Copernic is an interesting player in this space - the Copernic Agent can automatically run saved searches and provide summaries for new results, as well as track changes in web pages. The Information Agent Suite from Connotate Technologies mines the "deep web" and automates change detection. For more examples of search agents, Read/WriteWeb has an article that describes Allth.at , along with Swamii and Searchbots.net .

Conclusion

Clearly, Google is not going to take this onslaught lying down. Just as it has already introduced personalized search into its primary search engine, it will continue to integrate some of these other approaches into the mainstream as they become successful. For example, Vertical specialization is a powerful tool that Google is sure to use.
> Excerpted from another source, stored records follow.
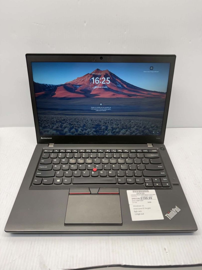 ORDINATEUR PORTABLE I5 5E GEN 8GB RAM 120GB SSD LENOVO THINKPAD T450S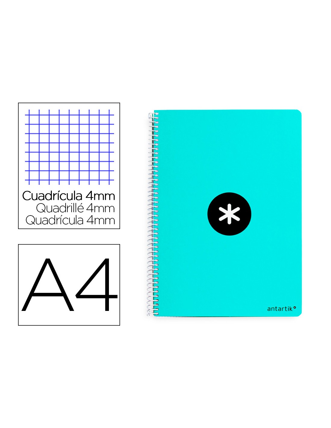 Cuaderno espiral a4 antartik tapa dura 80h 90gr cuadro 4mm con margen color menta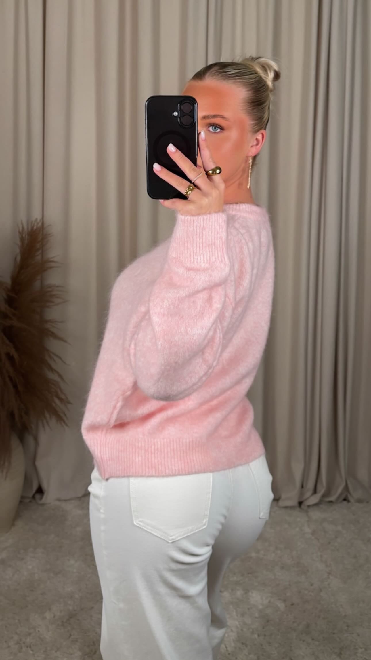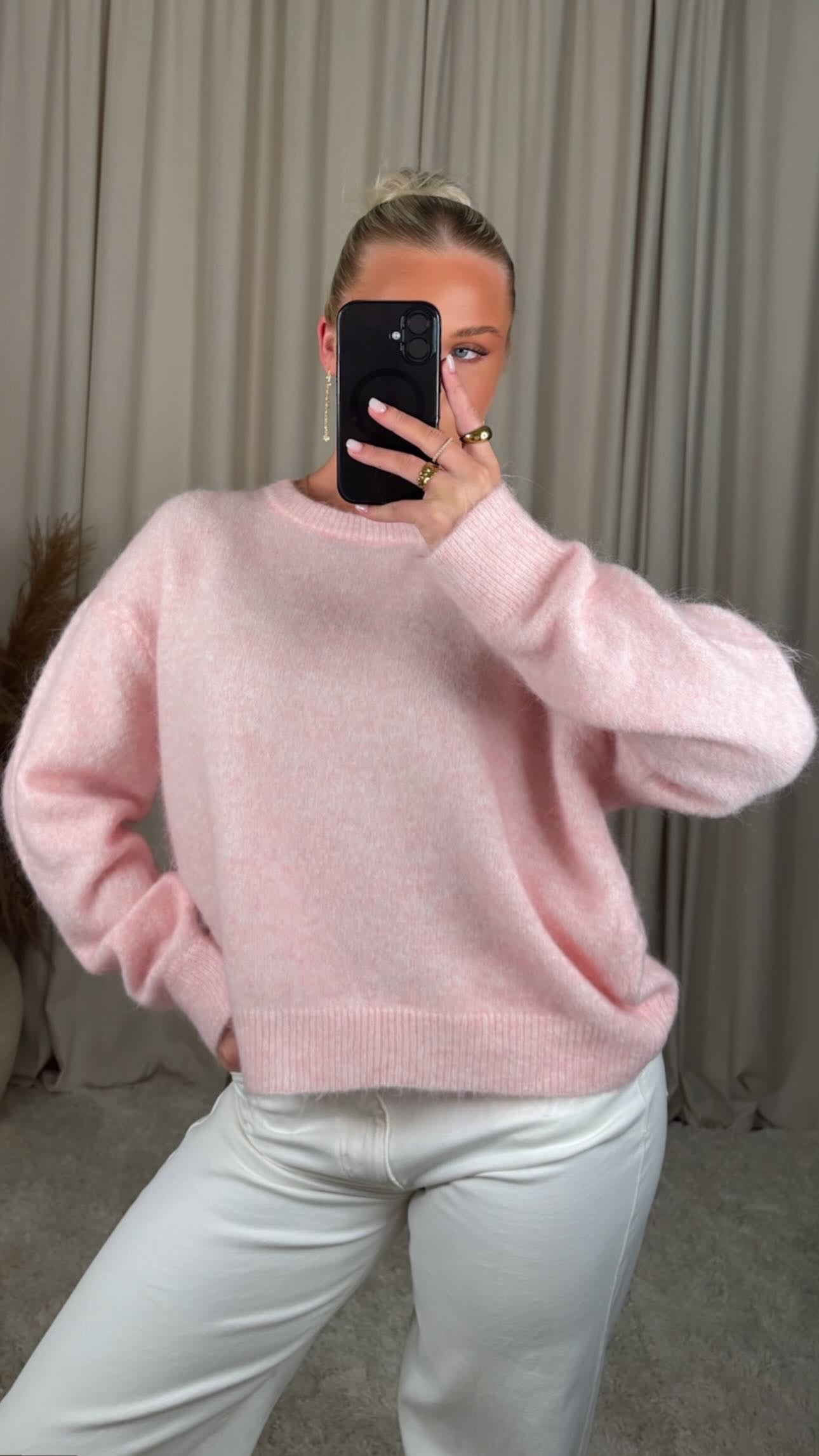 Æðislega falleg peysa úr mjög mjúku og þæginlegu efni, það er teygja í efninu og peysan er one size og passar á S-M-L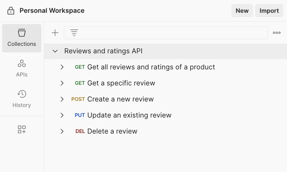 This template helps you define and group endpoints for the core features of a reviews and ratings API. You can use it as a reference for structuring your API and customize it by including features like review sorting and analytics.

It is very likely that in the future, the simple "search box" on the Google front page will hide a variety of specialized search engines behind it. On the other hand, trying to cram in an increasing number of these sophisticated features has the potential to make the overall architecture for Google (or any mainstream web search engine) very complex and difficult to change, so the trade-offs will present an increasingly difficult challenge! In a separate article on the Software Abstractions blog, we take a look at the conceptual architecture for a mainstream search engine that incorporates most of these features.

References

Notable recent articles on "Google and Search Innovation"

Josh Kopelman/Redeye VC: Google - The next vertical search engine?
O'Reilly Rader (via Sarah Milstein): Thoughts on the State of Search
Don Dodge: What's new in search technology? Is Google it?
Rich Skrenta: How to beat Google, part 1
Information Arbitrage: Domain Expertise: The Key to Next Generation Search
David Berkowitz: The Hunt for Search Engine Innovation, Part 1
Richard MacManus/RWW: Interview with Google's Matt Cutts about Next-Generation Search
Phil Butler on Hakia and Powerset
Bob Stumpel: SEARCH 2.0 - consolidated
Google Operating System: What Has Google Done in Search Lately?